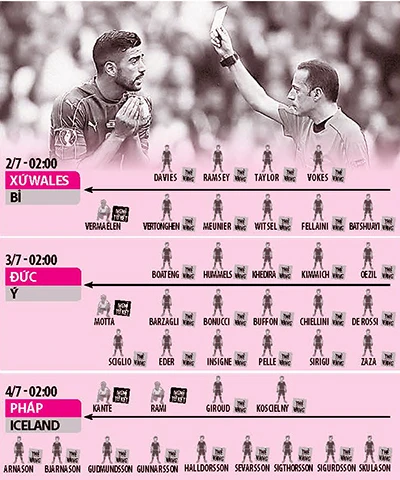 Trước mắt là đội chủ nhà Pháp ở vòng tứ kết sẽ thiệt quân đáng kể khi hai trụ cột là tiền vệ phòng ngự Kante và trung vệ Rami sẽ không được ra sân trong trận gặp Iceland. Tương tự nhưng số lượng thiệt thòi ít hơn là đội tuyển Ý và Bỉ. Nếu Ý thiệt quân khi tiền vệ Motta đã nhận đủ hai thẻ vàng, không thể ra sân trong trận quan trọng gặp Đức thì Bỉ sẽ vắng trụ cột Vermaelen cũng vì nhận đủ hai thẻ vàng.
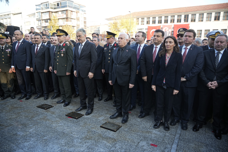Türkiye Cumhuriyet'inin kurucusu Gazi Mustafa Kemal Atatürk, ebediyete intikalinin 86. yıl dönümünde anıldı. 10 Kasım programları çerçevesinde Bursa Valiliği tarafından ilk olarak çelenk sunma töreni gerçekleştirildi. Vali Erol Ayyıldız, Bursa Büyükşehir Belediyesi Başkanı Mustafa Bozbey, Atatürk heykeline çelenk sundu. Atatürk'ün hayata gözlerini yumduğu 09.05 geçe sirenler çalmaya başlamasıyla 2 dakikalık saygı duruşunda bulunuldu.
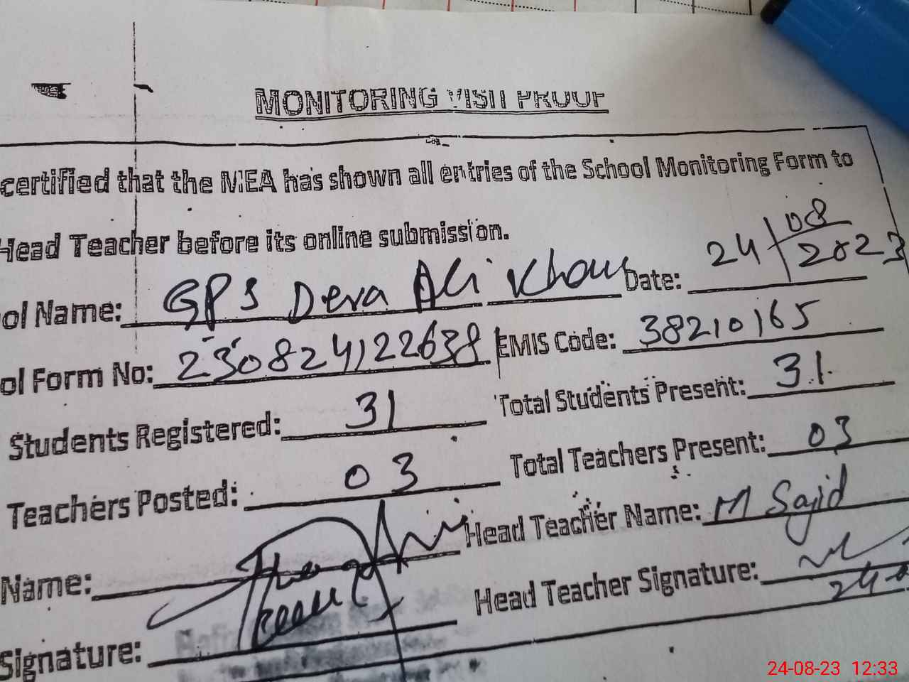 | EMIS Code: 38210165 | Name of School: GPS DERA ALI KHAN | |||
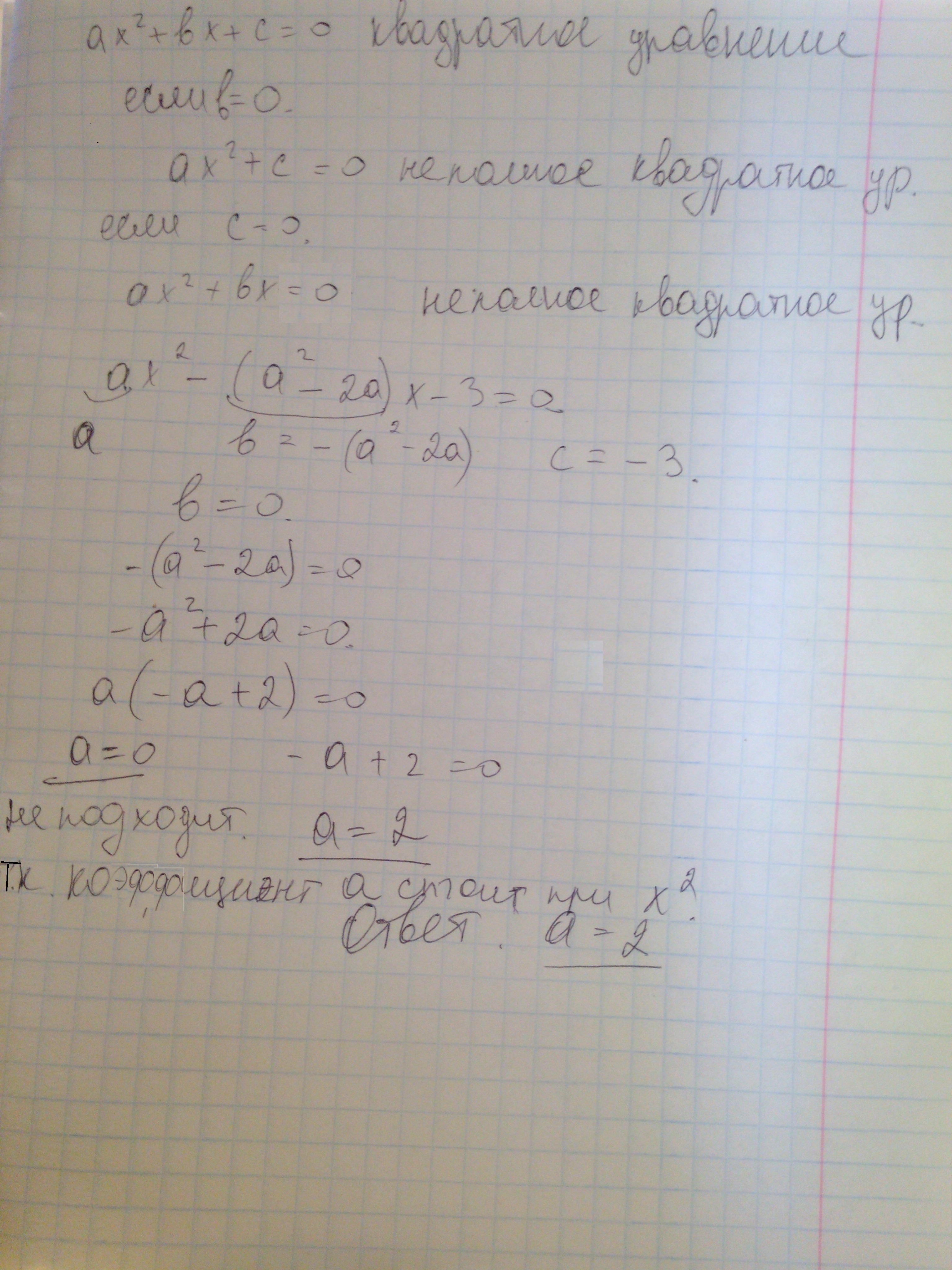 45б СРОЧНО При каком значении параметра а уравнение является неполным квадратным? ах^2-(а^2-2а) х-3=0 Объясните пж
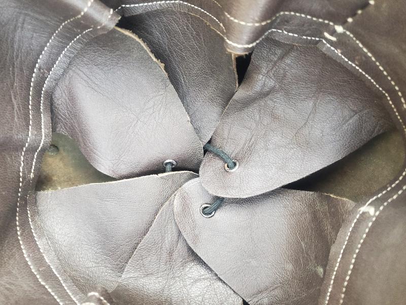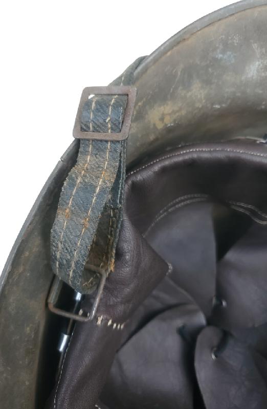 Jugulaire en similicuir typique des fabrication de la défense passive.
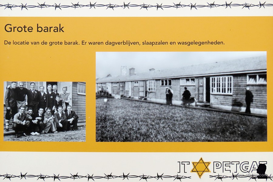 Aan het begin van het 400 meter lange pad naar het kamp staat een bord met daarop een foto van de onthulling van het monument door Sjaak Stibbe in 2003. Stibbe was één van de weinige inwoners van het kamp die niet in de gaskamers zijn geëindigd …
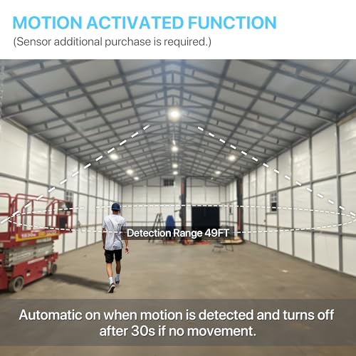 Motion Activated Function?Hyperlite high bay light is equipped with a motion sensor and remote control function. The motion sensor is pre-set to activate the lights for 30 seconds upon detecting movement, such as people, vehicles, or opening garage doors. If no movement is detected, the ufo lights will automatically turn off after 30 seconds. This feature is extremely convenient and saves time, allowing you to control the lights without having to manually flip a switch.
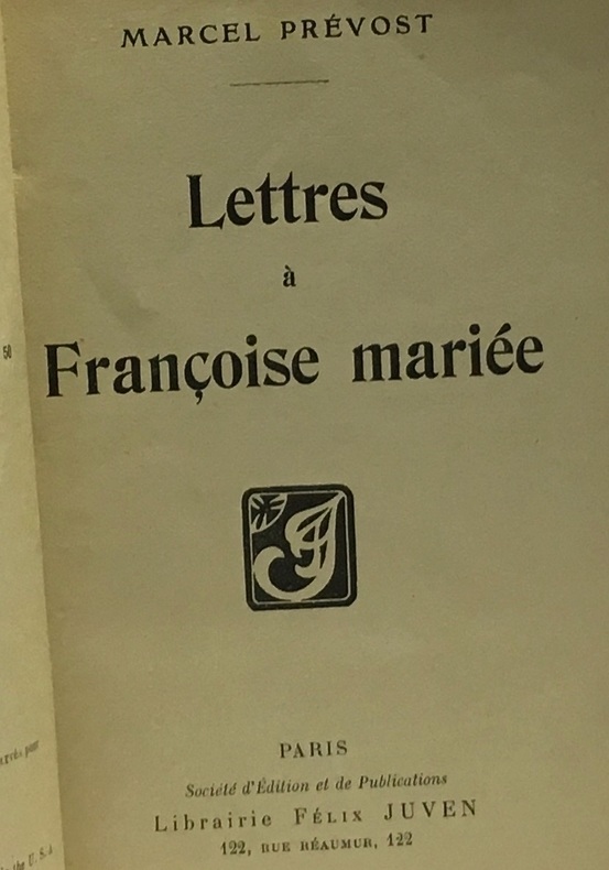 Ernest Flammarion 1927 1927. Marcel Prévost: Lettres à Françoise mariée/ Ernest Flammarion 1927 Référence: LMA16T. Marcel Prévost: Lettres à Françoise mariée/ Ernest Flammarion 1927
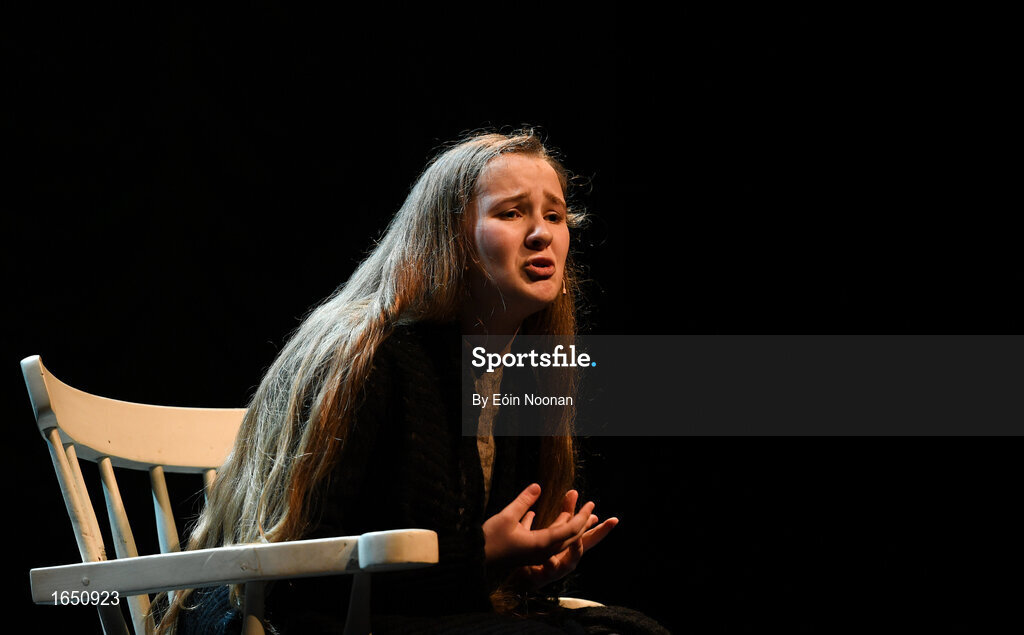 16 February 2019; Mary Kate Bonnes from Tír na nÓg, Randalstown, Antrim, representing Ulster in the Aithriseoireacht catagory during the Cream of The Crop at Scór na nÓg All Ireland Finals at St Gerards De La Salle Secondary School in Castlebar, Co Mayo. Photo by Eóin Noonan/Sportsfile
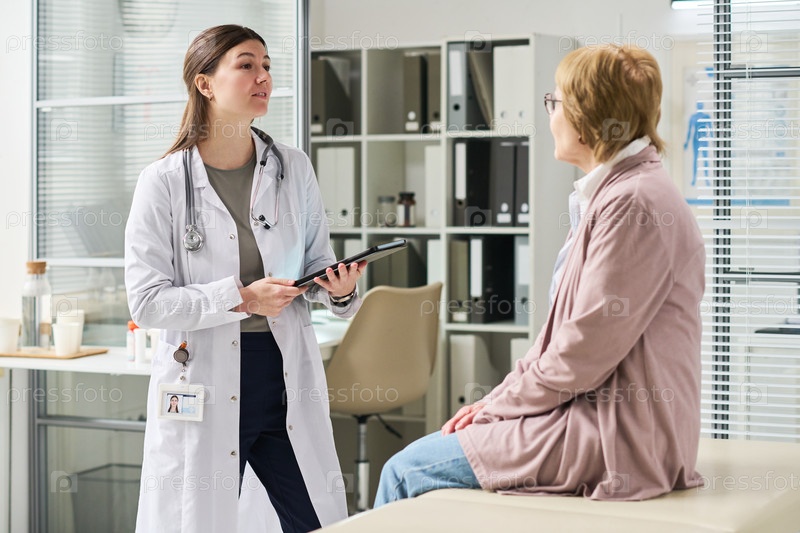 Молодая женщина-врач обсуждает диагноз со старшей женщиной
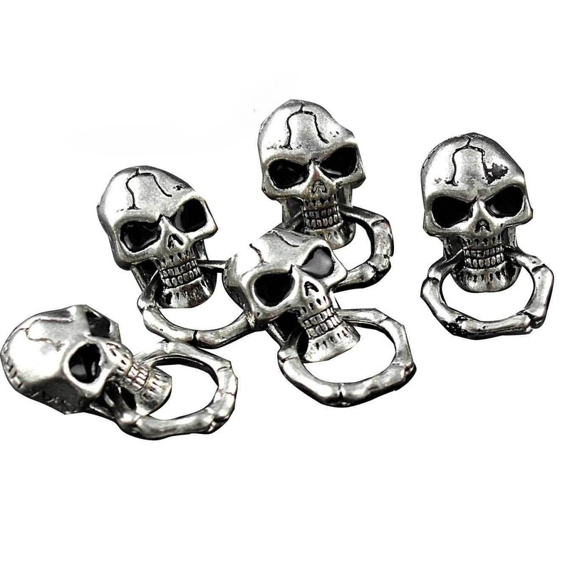 5PCS Screw Back Sliver Tone Skull With Ring Biker Chain Wallet Connector Joint (5PCS Connector)
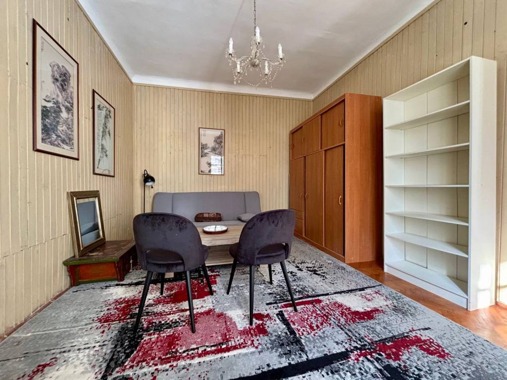 This apartment offers a functional space ideal for those seeking the convenience of living in the heart of the neighborhood, with everything within easy reach. The location allows quick access to all important facilities and traffic routes, while at the same time providing peace and quiet on the courtyard side. The sofa unfolds into a double bed.
-----
◆ TASK STATEMENT
Your task is to quote exactly the lines from the one with "5PCS Screw Back" through the end of the material, both included, without reproducing any pictures.

◆ SOLUTION FOR THIS TASK
 5PCS Screw Back Sliver Tone Skull With Ring Biker Chain Wallet Connector Joint (5PCS Connector)
 This apartment offers a functional space ideal for those seeking the convenience of living in the heart of the neighborhood, with everything within easy reach. The location allows quick access to all important facilities and traffic routes, while at the same time providing peace and quiet on the courtyard side. The sofa unfolds into a double bed.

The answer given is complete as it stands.